Thursday, October 14, 2010

The AVL Tree

BINARY TREE

A binary tree is a tree data structure in which each node has atmost two child nodes. The child nodes may contain references to their parent nodes. There is a root node, which has atmost two children but no parent.

According to Graph Theory, a binary tree can be also said to be a connected, acyclic graph data structure, with a maximum degree of three for each vertex.

TERMS ASSOCIATED WITH A BINARY TREE
  • The root node of a tree is the node with no parents. There is at most one root node in a rooted tree.
  • A node with no children is called leaf node.
  • The depth of a node is the length of the path from the node to the root. All nodes at the same depth are said to be in the same level. The root node is at level 0.
  • The height of a tree is the length of the path from the node which has the highest depth, to the root node.
  • The children of the same parent are called siblings.
  • A node is an ancestor of another node, if it comes in the path traced from the other node to the root.
  • A node is the descendant of another node, if it is the child of the other node, at some level from it.
  • The size of a node is the number of descendants it has including itself.
  1. A perfect binary tree is a full binary tree in which all leaves are at the same depth or same level. (This is ambiguously also called a complete binary tree.)
  2. A complete binary tree is a binary tree in which every level, except possibly the last, is completely filled, and all nodes are as far left as possible.
  3. A balanced binary tree is where the depth of all the leaves differs by at most 1. This depth is equal to the integer part of log2(n) where n is the number of nodes on the balanced tree.
BINARY SEARCH TREE

A binary search tree is a binary tree in which the numerical value of the data field of the left child is lesser than that of the parent, which is in turn lesser than that of the right child.

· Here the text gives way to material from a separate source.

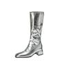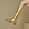 Botas de otoño e invierno de tacón medio para mujer de talla grande, cómodas de punta redonda, tacón de bloque, cremallera trasera, zapatos de moda, botas de tubo alto de charol nuevas para mujer

In short,
(data of left child) < (data of parent) < (data of right child) [numerical value of data is taken]
For example,

Here, in both the trees, data is input in the same order, i.e, 34, 43, 56, 21. Searching in the binary tree is evidently very easier in the BST, hence the name binary search tree.

Each node in a binary search tree can be represented by a structure in C, created with the 'struct' keyword, typically named 'node'. In the most simple case, the data field is taken as an integer. There are three pointers associated with each node, whose typical names can be parent, lchild and rchild, of type 'struct node' itself. These three pointers also make the structure 'node' a self-referential data structure. Obviously, the parent pointer in the structure representing the root node, will be NULL.

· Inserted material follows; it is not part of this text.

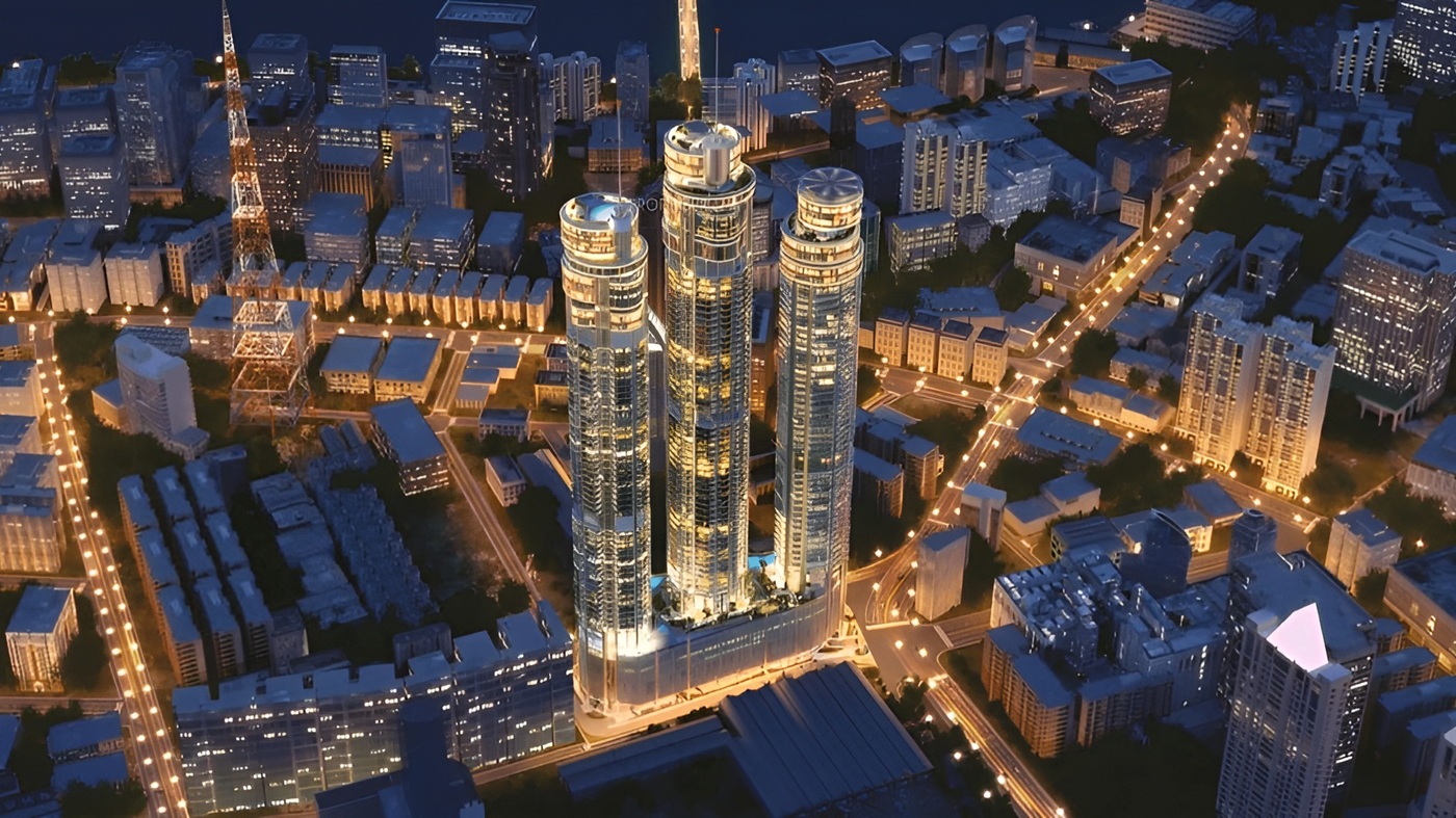 - 3 towers, each 70+ stories (tallest: 300 meters)

The definition for each node will be:
struct node {
int data;
struct node *parent;
struct node *lchild;
struct node *rchild;
};

The names for the fields are self explanatory, and arbitrarily taken.
(The 'parent' pointer points to the parent of a node. It is necessary in an AVL tree only.)

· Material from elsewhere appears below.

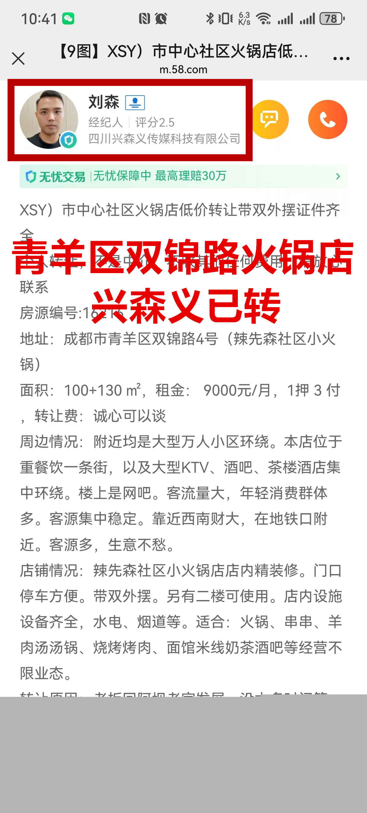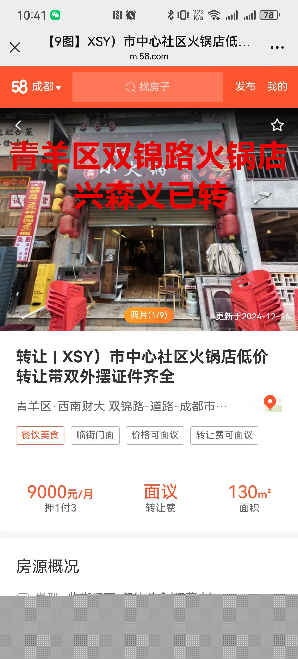 青羊区双锦路火锅店已转让

BASIC FUNCTIONS FOR THE BST

Since the binary search tree is a dynamic data structure, the malloc() and free() C standard library functions are used to allocate memory for new nodes while insertion, and to deallocate memory while deleting nodes, respectively. Only the following basic functions are needed to implement the full functionalities associated with a BST.

Constructor -> For creating a new node in the BST
Insert -> For inserting the new node into the BST and
                                           setting up the links
Traverse Inorder -> For inorder traversal through the BST
                                           (for each node, print LnR)
Traverse Preorder -> For preorder traversal through the BST
                                           (for each node, print nLR)
Traverse Postorder -> For postorder traversal through the BST
                                           (for each node, print LRn)
Find                        -> For returning the node whose data field is the
                                            given numerical value
Delete -> For deleting a node from the BST.

where 'n' denotes the current node, 'L' the left child, and 'R' the right child. (thanks to Shijith for this one ...)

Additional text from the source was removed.